NON HANNO DOVE ANDARE

di Redazione

La notte palermitana si è tinta nuovamente del rosso acceso delle fiamme la notte di martedì 26, lasciando dietro di sé una scia di cenere e interrogativi pesanti sulla sicurezza nel territorio. Il bersaglio di questa ennesima azione intimidatoria è stato il nuovissimo deposito della Sicily by Car situato a Villagrazia di Carini, una struttura che era stata inaugurata da pochissime settimane.

Tre individui con il volto coperto si sono introdotti nell’area e hanno dato alle fiamme ben venti automobili dopo averne cosparso alcune con liquido infiammabile. Di fronte a questo scenario desolante e distruttivo, la reazione del fondatore dell’azienda di car sharing, Tommaso Dragotto, è stata immediata e improntata a una fermezza incrollabile. L’imprenditore ha voluto lanciare un messaggio chiaro e perentorio ai responsabili dell’attacco, sottolineando che personaggi del genere “non hanno dove andare” e che le loro azioni non riusciranno in alcun modo a piegare la sua volontà.

Questa forte affermazione racchiude una verità profonda che va ben oltre l’episodio di cronaca. Quando un esponente di spicco del mondo produttivo sceglie di non arretrare di un solo passo, dimostra concretamente che il tessuto sano della società possiede gli anticorpi necessari per respingere il controllo violento del territorio. Affermare che i criminali non hanno dove andare significa riconoscere che l’isolamento della criminalità organizzata diventa assoluto nel momento in cui si decide di abbattere il muro omertoso della paura.

La vera svolta nella lotta contro questi fenomeni criminali si compie proprio quando gli imprenditori scelgono la via della denuncia sistematica e trasparente.

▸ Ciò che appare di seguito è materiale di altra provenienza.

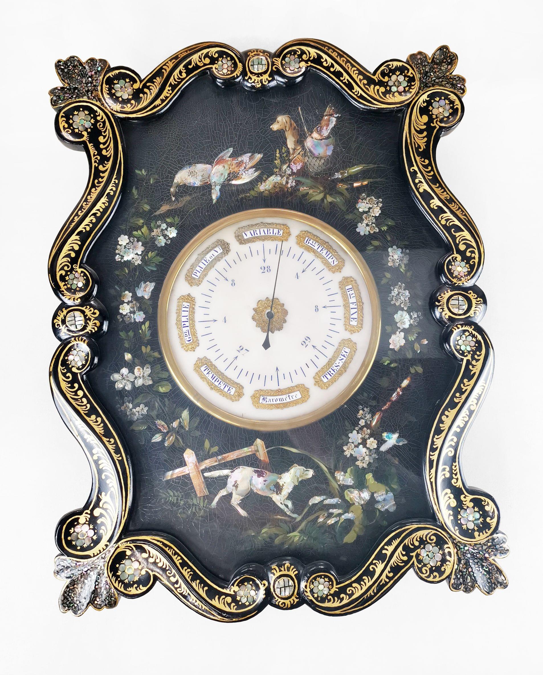 Cadran en marbre, émail et métal doré, caisse en bois noirci peint et inscrusté de nacre à motif d'animaux, 66x50 cm
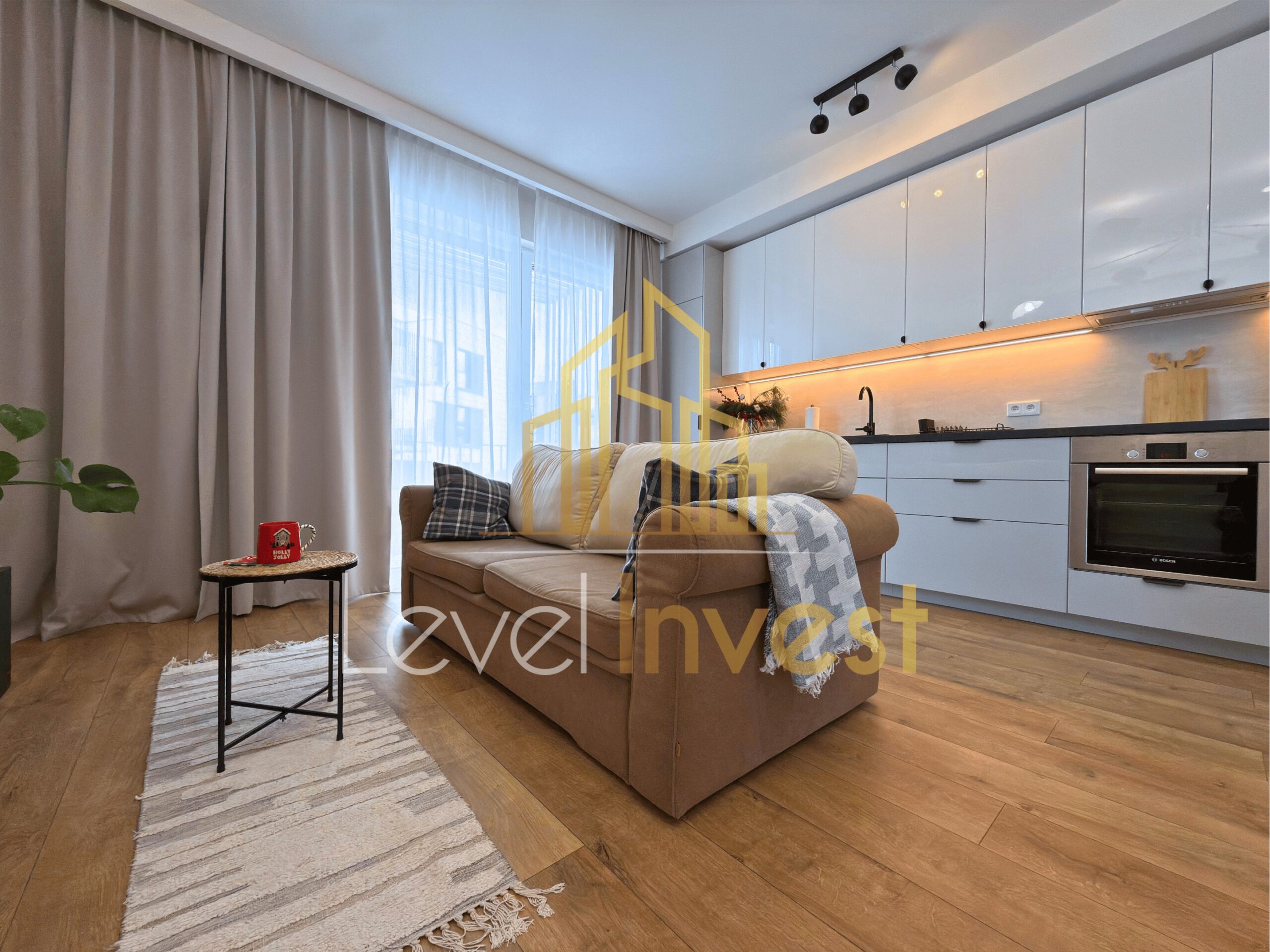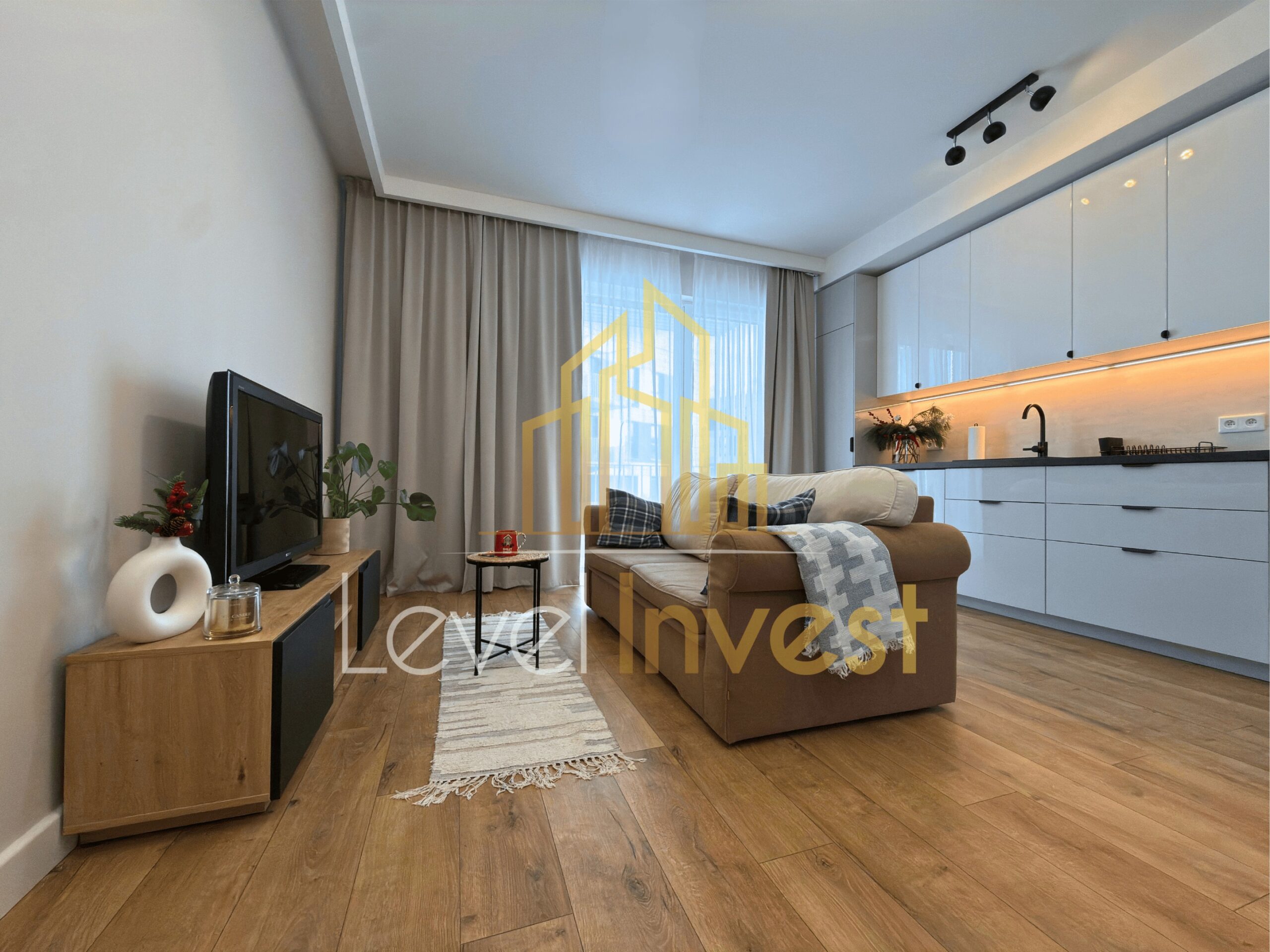 - a spacious living room with a kitchenette, forming the heart of the apartment,

Se chi fa impresa rifiuta il compromesso e decide di affidarsi interamente alle istituzioni della Repubblica, la criminalità organizzata perde una delle sue principali fonti di sostentamento e di potere. Gli estorsori non hanno dove andare se ogni singolo commerciante, artigiano o industriale decide di squarciare il velo del silenzio e di segnalare tempestivamente ogni forma di pressione o di minaccia subita alle forze dell’ordine.

Il percorso di legalità non può tuttavia essere lasciato esclusivamente sulle spalle dei singoli individui coraggiosi. Diventa fondamentale che l’intera categoria economica e produttiva si muova in modo compatto, trasformando l’azione individuale in un movimento collettivo di resistenza attiva. Se tutta la comunità imprenditoriale decide di rivolgersi con fiducia allo Stato, i clan mafiosi si trovano privati di qualsiasi spazio di manovra e non hanno dove andare. La solidarietà di categoria e la cooperazione con forze dell’ordine e magistratura creano una barriera impenetrabile, trasformando il racket in un fallimento annunciato per chiunque tenti di metterlo in pratica.

L’opinione pubblica ha il dovere morale e materiale di stringersi attorno a chi resiste, trasformando la solidarietà in un impegno quotidiano e visibile. Se i cittadini e i consumatori scelgono consapevolmente di sostenere le imprese che denunciano e se la società civile ripete come un mantra che i criminali non hanno dove andare, si genera un mutamento culturale profondo e irreversibile.

La criminalità organizzata inoltre non avrebbe dove andare se il legislatore introducesse una norma restrittiva volta a punire penalmente quegli operatori economici che scelgono di non denunciare i tentativi di estorsione. Di fronte a un simile sbarramento, che trasformerebbe l’omertà in un reato per chiunque ne sia complice passivo, i clan perderebbero l’ultimo metro quadro su cui poggiano le proprie minacce. I sodalizi criminali non hanno dove andare nel momento in cui l’ordinamento giuridico priva il tessuto produttivo di qualsiasi alibi, costringendo l’intera economia di un territorio a schierarsi dalla parte della legalità e delle forze dell’ordine.

Questo secondo grave attacco alla Sicily by Car, che segue l’inquietante episodio dei colpi di kalashnikov esplosi a marzo contro la sede di via San Lorenzo, mette in luce la necessità urgente di un potenziamento delle forze sul territorio e dei sistemi di controllo. Lo Stato deve rispondere prontamente offrendo gli strumenti tecnologici e operativi in grado di garantire la massima sicurezza a chi continua a investire e a creare posti di lavoro in Sicilia.

La determinazione di chi non si pente di fare impresa nell’isola rappresenta una risorsa preziosa che va protetta con ogni mezzo, confermando che la via del ricatto è destinata a sbattere contro un muro invalicabile, perché mafiosi e criminali non hanno dove andare.